__REQUIRED WORK__: Where a picture appears, leave it out, and transcribe all the lines below exactly.

__PROVIDED DATA__:
= = =

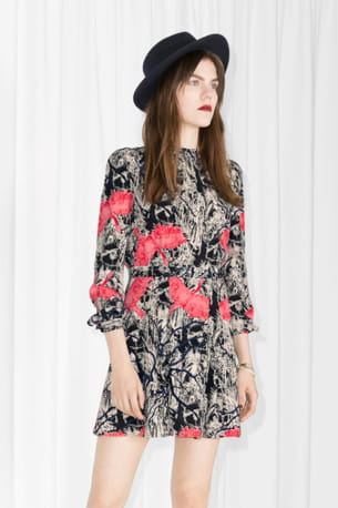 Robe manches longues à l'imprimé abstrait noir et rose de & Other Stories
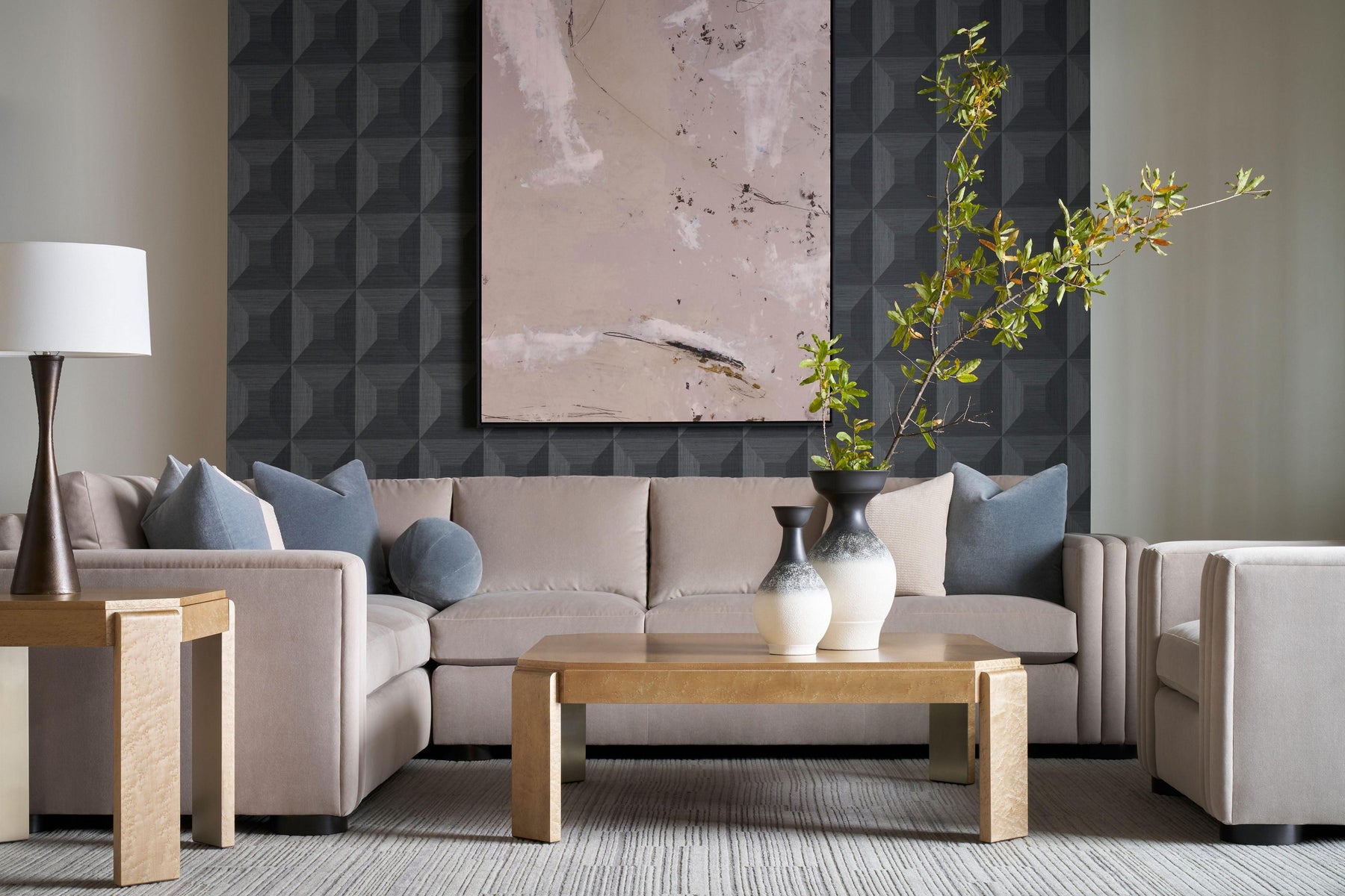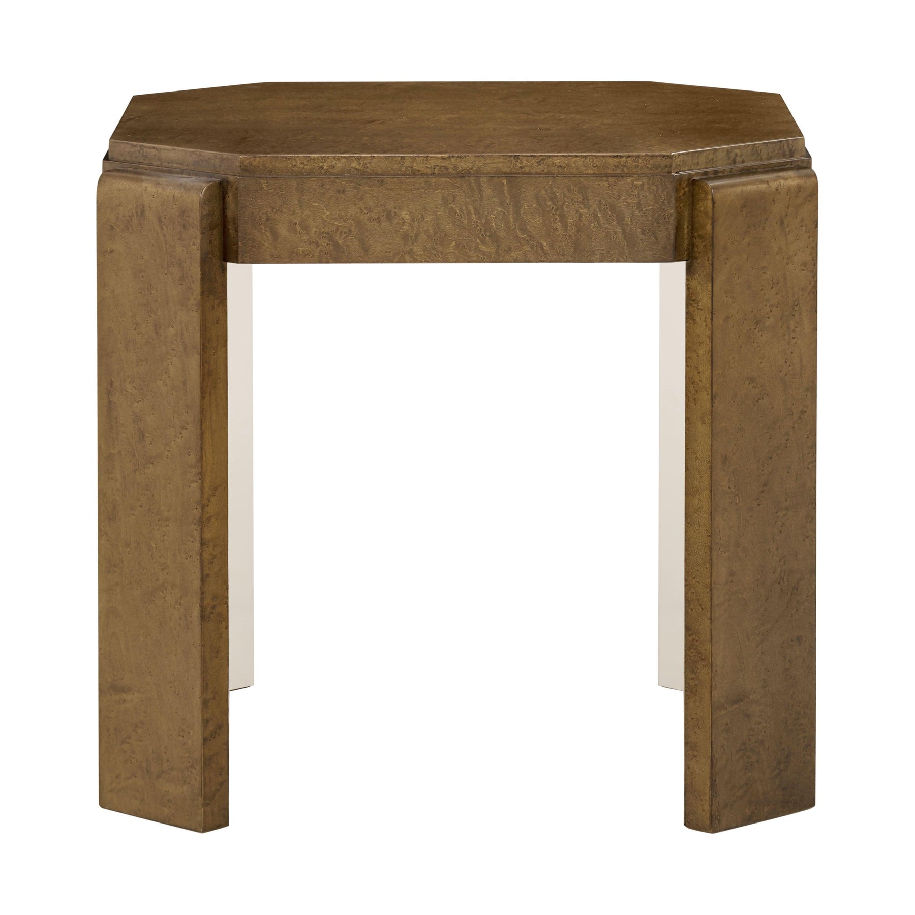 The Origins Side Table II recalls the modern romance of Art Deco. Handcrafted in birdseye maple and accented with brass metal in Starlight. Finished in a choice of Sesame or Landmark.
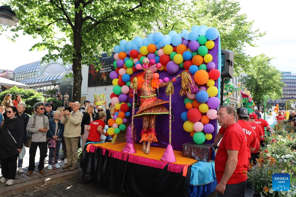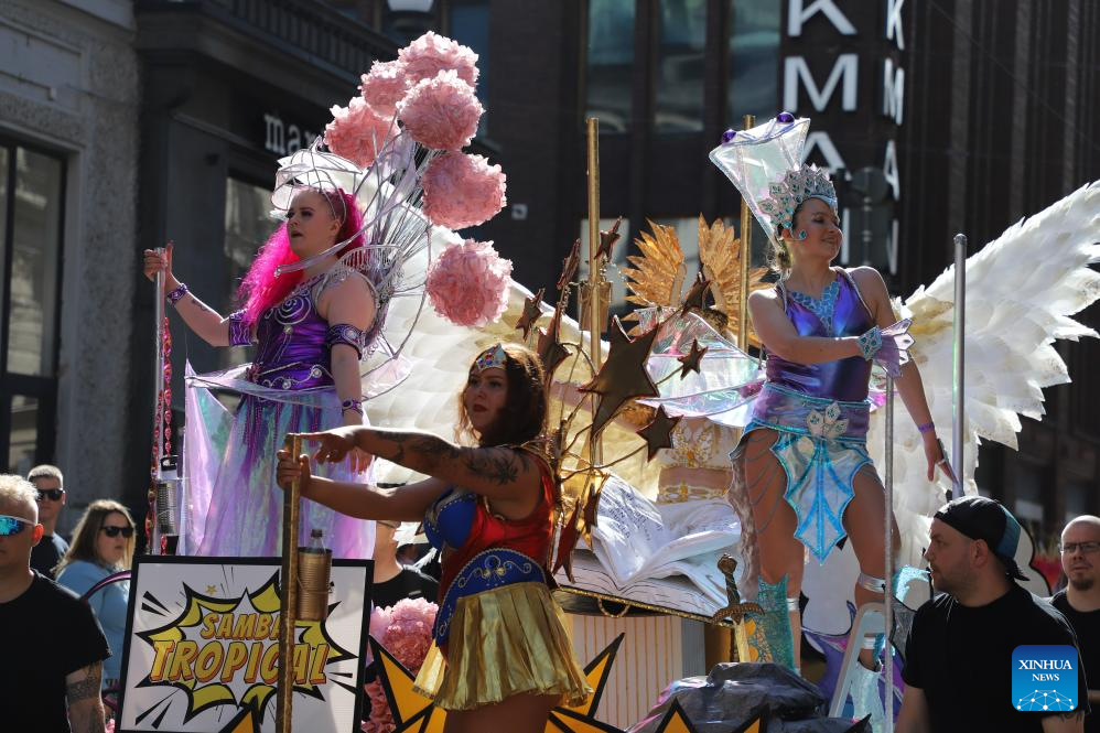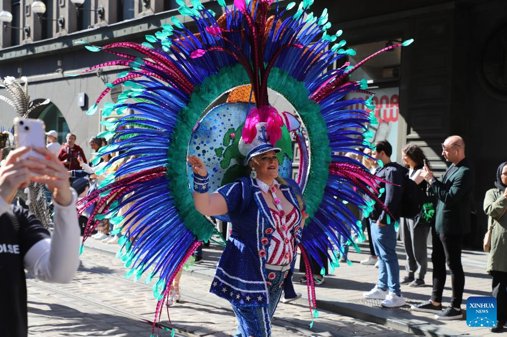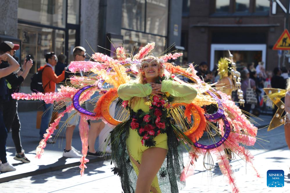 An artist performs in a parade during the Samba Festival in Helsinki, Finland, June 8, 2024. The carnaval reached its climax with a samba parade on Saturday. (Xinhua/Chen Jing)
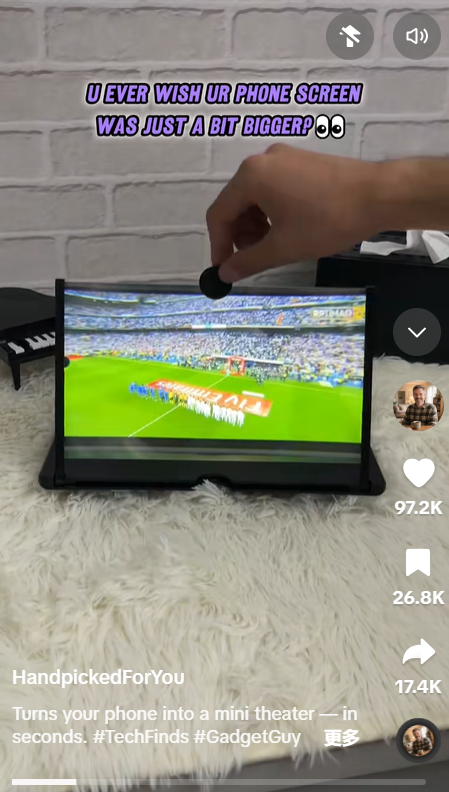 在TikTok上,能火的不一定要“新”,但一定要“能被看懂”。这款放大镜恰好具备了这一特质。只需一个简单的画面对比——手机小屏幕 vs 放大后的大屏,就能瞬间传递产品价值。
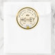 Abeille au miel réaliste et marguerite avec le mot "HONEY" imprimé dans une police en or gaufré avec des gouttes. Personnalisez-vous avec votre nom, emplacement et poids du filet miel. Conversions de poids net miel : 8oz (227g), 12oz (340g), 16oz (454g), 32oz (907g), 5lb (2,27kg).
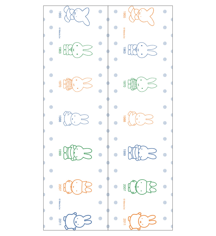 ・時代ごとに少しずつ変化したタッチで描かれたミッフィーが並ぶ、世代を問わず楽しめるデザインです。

= = =

__EXERCISE RESULT__:
 Robe manches longues à l'imprimé abstrait noir et rose de & Other Stories
 The Origins Side Table II recalls the modern romance of Art Deco. Handcrafted in birdseye maple and accented with brass metal in Starlight. Finished in a choice of Sesame or Landmark.
 An artist performs in a parade during the Samba Festival in Helsinki, Finland, June 8, 2024. The carnaval reached its climax with a samba parade on Saturday. (Xinhua/Chen Jing)
 在TikTok上,能火的不一定要“新”,但一定要“能被看懂”。这款放大镜恰好具备了这一特质。只需一个简单的画面对比——手机小屏幕 vs 放大后的大屏,就能瞬间传递产品价值。
 Abeille au miel réaliste et marguerite avec le mot "HONEY" imprimé dans une police en or gaufré avec des gouttes. Personnalisez-vous avec votre nom, emplacement et poids du filet miel. Conversions de poids net miel : 8oz (227g), 12oz (340g), 16oz (454g), 32oz (907g), 5lb (2,27kg).
 ・時代ごとに少しずつ変化したタッチで描かれたミッフィーが並ぶ、世代を問わず楽しめるデザインです。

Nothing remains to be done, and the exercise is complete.